▸ **EXERCISE DIRECTIONS**
Would you print out all of the data exactly and keep the pictures out of it?

Data excerpts:

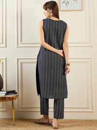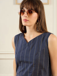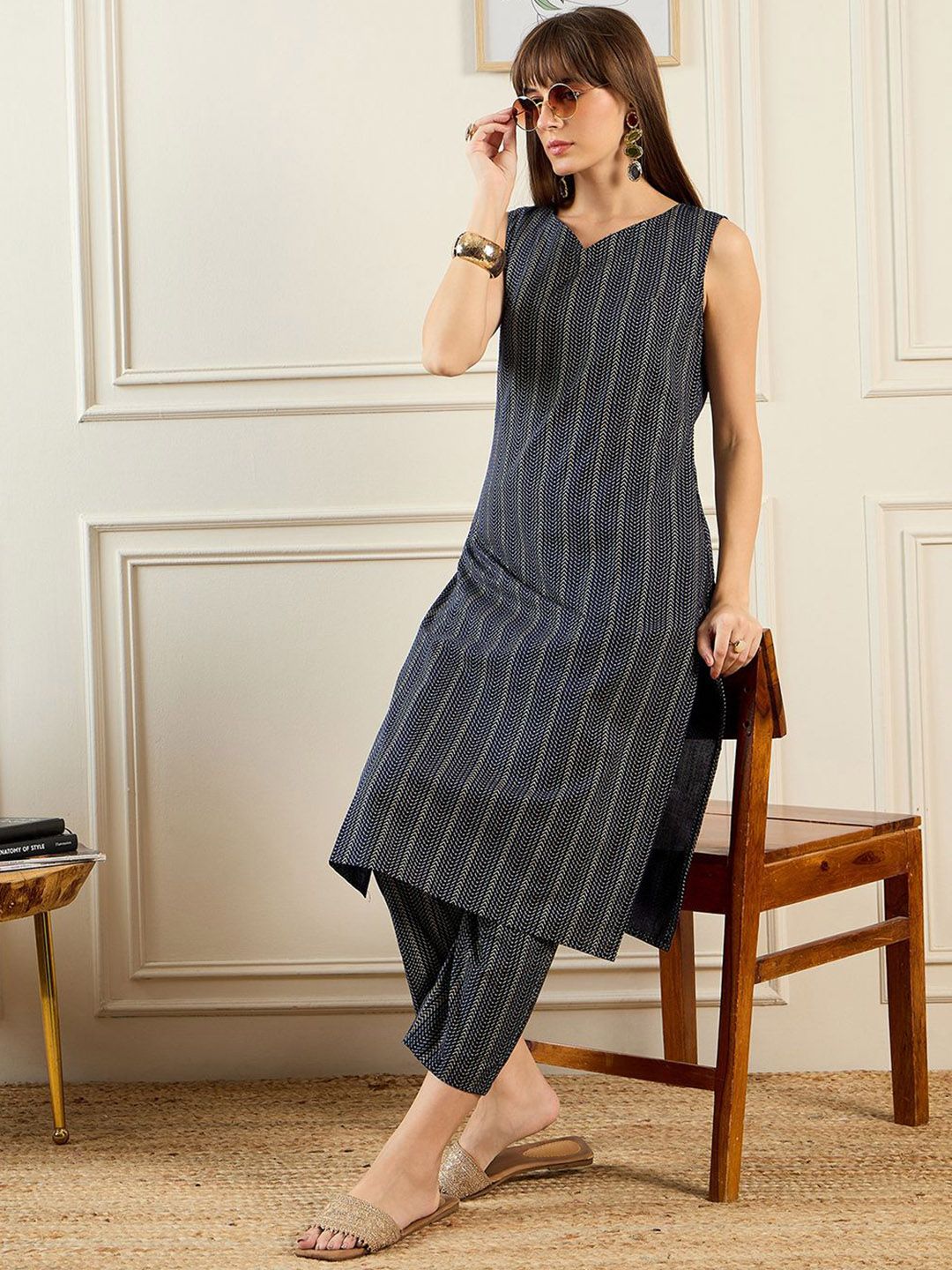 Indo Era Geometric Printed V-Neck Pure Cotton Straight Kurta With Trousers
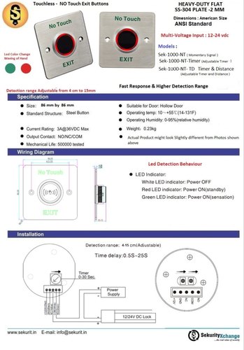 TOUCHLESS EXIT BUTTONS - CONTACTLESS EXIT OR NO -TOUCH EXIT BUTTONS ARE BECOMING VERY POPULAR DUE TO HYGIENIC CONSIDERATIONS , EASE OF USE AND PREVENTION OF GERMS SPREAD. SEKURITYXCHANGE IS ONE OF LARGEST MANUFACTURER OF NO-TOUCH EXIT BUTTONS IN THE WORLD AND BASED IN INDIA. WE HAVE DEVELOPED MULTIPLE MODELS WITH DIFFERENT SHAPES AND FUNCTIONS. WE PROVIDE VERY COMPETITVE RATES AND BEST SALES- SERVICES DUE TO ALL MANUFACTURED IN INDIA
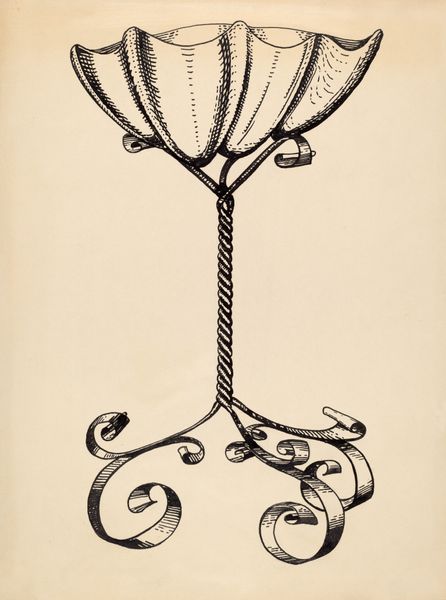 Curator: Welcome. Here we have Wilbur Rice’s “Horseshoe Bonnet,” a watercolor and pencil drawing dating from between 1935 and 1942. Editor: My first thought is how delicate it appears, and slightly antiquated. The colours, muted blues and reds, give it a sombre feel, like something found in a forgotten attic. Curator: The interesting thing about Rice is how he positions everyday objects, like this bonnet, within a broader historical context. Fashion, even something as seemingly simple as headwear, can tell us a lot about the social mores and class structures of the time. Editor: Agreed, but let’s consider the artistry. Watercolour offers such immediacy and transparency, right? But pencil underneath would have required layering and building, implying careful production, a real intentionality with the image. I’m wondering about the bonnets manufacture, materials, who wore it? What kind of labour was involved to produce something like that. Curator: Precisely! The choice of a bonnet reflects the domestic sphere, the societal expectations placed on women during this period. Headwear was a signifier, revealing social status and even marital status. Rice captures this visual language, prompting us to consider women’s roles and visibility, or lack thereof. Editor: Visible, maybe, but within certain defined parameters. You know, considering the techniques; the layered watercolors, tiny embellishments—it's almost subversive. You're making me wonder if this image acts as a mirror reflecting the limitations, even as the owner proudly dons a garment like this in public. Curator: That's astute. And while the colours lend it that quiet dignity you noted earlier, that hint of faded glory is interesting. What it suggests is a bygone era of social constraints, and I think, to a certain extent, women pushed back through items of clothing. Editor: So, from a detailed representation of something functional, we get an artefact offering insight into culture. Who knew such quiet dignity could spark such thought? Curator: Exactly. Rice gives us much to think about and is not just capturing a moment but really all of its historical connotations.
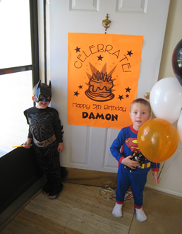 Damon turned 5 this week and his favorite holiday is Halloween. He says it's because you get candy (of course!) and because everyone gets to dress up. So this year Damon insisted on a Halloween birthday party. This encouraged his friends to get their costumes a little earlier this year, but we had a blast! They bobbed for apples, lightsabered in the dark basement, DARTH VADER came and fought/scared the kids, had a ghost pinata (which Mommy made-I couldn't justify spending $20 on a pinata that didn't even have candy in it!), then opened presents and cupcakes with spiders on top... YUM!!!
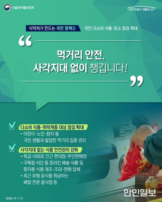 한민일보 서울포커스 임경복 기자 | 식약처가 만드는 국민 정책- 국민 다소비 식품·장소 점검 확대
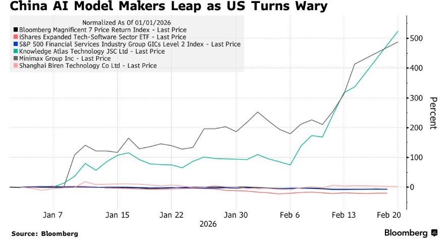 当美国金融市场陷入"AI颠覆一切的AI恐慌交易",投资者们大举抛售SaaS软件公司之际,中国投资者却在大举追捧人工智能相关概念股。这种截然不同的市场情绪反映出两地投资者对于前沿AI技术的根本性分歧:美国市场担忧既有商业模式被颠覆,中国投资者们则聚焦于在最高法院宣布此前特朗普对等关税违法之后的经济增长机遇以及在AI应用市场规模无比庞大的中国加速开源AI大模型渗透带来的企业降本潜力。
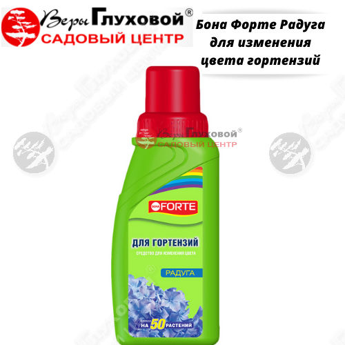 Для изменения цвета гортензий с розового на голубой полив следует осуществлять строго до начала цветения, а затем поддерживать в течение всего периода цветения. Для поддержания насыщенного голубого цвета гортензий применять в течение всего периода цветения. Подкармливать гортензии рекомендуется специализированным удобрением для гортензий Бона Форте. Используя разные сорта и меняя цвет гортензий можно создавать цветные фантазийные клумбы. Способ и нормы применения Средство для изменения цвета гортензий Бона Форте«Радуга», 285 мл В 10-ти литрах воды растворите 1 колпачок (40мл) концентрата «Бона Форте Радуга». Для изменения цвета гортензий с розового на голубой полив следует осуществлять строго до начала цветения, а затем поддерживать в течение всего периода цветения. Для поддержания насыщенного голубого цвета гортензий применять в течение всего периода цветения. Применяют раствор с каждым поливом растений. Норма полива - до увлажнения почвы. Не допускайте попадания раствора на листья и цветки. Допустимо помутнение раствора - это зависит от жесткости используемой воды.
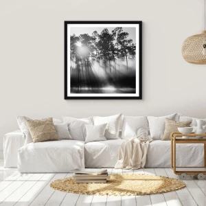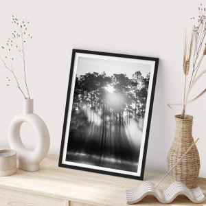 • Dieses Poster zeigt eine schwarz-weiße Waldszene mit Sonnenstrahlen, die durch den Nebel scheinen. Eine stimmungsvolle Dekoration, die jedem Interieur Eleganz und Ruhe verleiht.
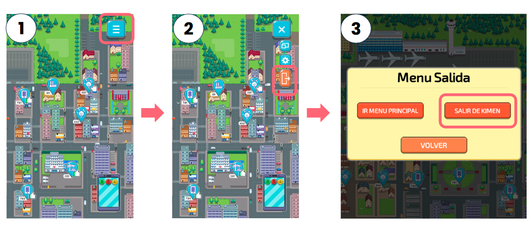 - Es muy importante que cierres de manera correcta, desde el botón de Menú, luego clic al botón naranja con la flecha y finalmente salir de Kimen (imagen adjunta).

▸ **TASK RESPONSE**
 Indo Era Geometric Printed V-Neck Pure Cotton Straight Kurta With Trousers
 TOUCHLESS EXIT BUTTONS - CONTACTLESS EXIT OR NO -TOUCH EXIT BUTTONS ARE BECOMING VERY POPULAR DUE TO HYGIENIC CONSIDERATIONS , EASE OF USE AND PREVENTION OF GERMS SPREAD. SEKURITYXCHANGE IS ONE OF LARGEST MANUFACTURER OF NO-TOUCH EXIT BUTTONS IN THE WORLD AND BASED IN INDIA. WE HAVE DEVELOPED MULTIPLE MODELS WITH DIFFERENT SHAPES AND FUNCTIONS. WE PROVIDE VERY COMPETITVE RATES AND BEST SALES- SERVICES DUE TO ALL MANUFACTURED IN INDIA
 Curator: Welcome. Here we have Wilbur Rice’s “Horseshoe Bonnet,” a watercolor and pencil drawing dating from between 1935 and 1942. Editor: My first thought is how delicate it appears, and slightly antiquated. The colours, muted blues and reds, give it a sombre feel, like something found in a forgotten attic. Curator: The interesting thing about Rice is how he positions everyday objects, like this bonnet, within a broader historical context. Fashion, even something as seemingly simple as headwear, can tell us a lot about the social mores and class structures of the time. Editor: Agreed, but let’s consider the artistry. Watercolour offers such immediacy and transparency, right? But pencil underneath would have required layering and building, implying careful production, a real intentionality with the image. I’m wondering about the bonnets manufacture, materials, who wore it? What kind of labour was involved to produce something like that. Curator: Precisely! The choice of a bonnet reflects the domestic sphere, the societal expectations placed on women during this period. Headwear was a signifier, revealing social status and even marital status. Rice captures this visual language, prompting us to consider women’s roles and visibility, or lack thereof. Editor: Visible, maybe, but within certain defined parameters. You know, considering the techniques; the layered watercolors, tiny embellishments—it's almost subversive. You're making me wonder if this image acts as a mirror reflecting the limitations, even as the owner proudly dons a garment like this in public. Curator: That's astute. And while the colours lend it that quiet dignity you noted earlier, that hint of faded glory is interesting. What it suggests is a bygone era of social constraints, and I think, to a certain extent, women pushed back through items of clothing. Editor: So, from a detailed representation of something functional, we get an artefact offering insight into culture. Who knew such quiet dignity could spark such thought? Curator: Exactly. Rice gives us much to think about and is not just capturing a moment but really all of its historical connotations.
 Damon turned 5 this week and his favorite holiday is Halloween. He says it's because you get candy (of course!) and because everyone gets to dress up. So this year Damon insisted on a Halloween birthday party. This encouraged his friends to get their costumes a little earlier this year, but we had a blast! They bobbed for apples, lightsabered in the dark basement, DARTH VADER came and fought/scared the kids, had a ghost pinata (which Mommy made-I couldn't justify spending $20 on a pinata that didn't even have candy in it!), then opened presents and cupcakes with spiders on top... YUM!!!
 한민일보 서울포커스 임경복 기자 | 식약처가 만드는 국민 정책- 국민 다소비 식품·장소 점검 확대
 当美国金融市场陷入"AI颠覆一切的AI恐慌交易",投资者们大举抛售SaaS软件公司之际,中国投资者却在大举追捧人工智能相关概念股。这种截然不同的市场情绪反映出两地投资者对于前沿AI技术的根本性分歧:美国市场担忧既有商业模式被颠覆,中国投资者们则聚焦于在最高法院宣布此前特朗普对等关税违法之后的经济增长机遇以及在AI应用市场规模无比庞大的中国加速开源AI大模型渗透带来的企业降本潜力。
 Для изменения цвета гортензий с розового на голубой полив следует осуществлять строго до начала цветения, а затем поддерживать в течение всего периода цветения. Для поддержания насыщенного голубого цвета гортензий применять в течение всего периода цветения. Подкармливать гортензии рекомендуется специализированным удобрением для гортензий Бона Форте. Используя разные сорта и меняя цвет гортензий можно создавать цветные фантазийные клумбы. Способ и нормы применения Средство для изменения цвета гортензий Бона Форте«Радуга», 285 мл В 10-ти литрах воды растворите 1 колпачок (40мл) концентрата «Бона Форте Радуга». Для изменения цвета гортензий с розового на голубой полив следует осуществлять строго до начала цветения, а затем поддерживать в течение всего периода цветения. Для поддержания насыщенного голубого цвета гортензий применять в течение всего периода цветения. Применяют раствор с каждым поливом растений. Норма полива - до увлажнения почвы. Не допускайте попадания раствора на листья и цветки. Допустимо помутнение раствора - это зависит от жесткости используемой воды.
 • Dieses Poster zeigt eine schwarz-weiße Waldszene mit Sonnenstrahlen, die durch den Nebel scheinen. Eine stimmungsvolle Dekoration, die jedem Interieur Eleganz und Ruhe verleiht.
 - Es muy importante que cierres de manera correcta, desde el botón de Menú, luego clic al botón naranja con la flecha y finalmente salir de Kimen (imagen adjunta).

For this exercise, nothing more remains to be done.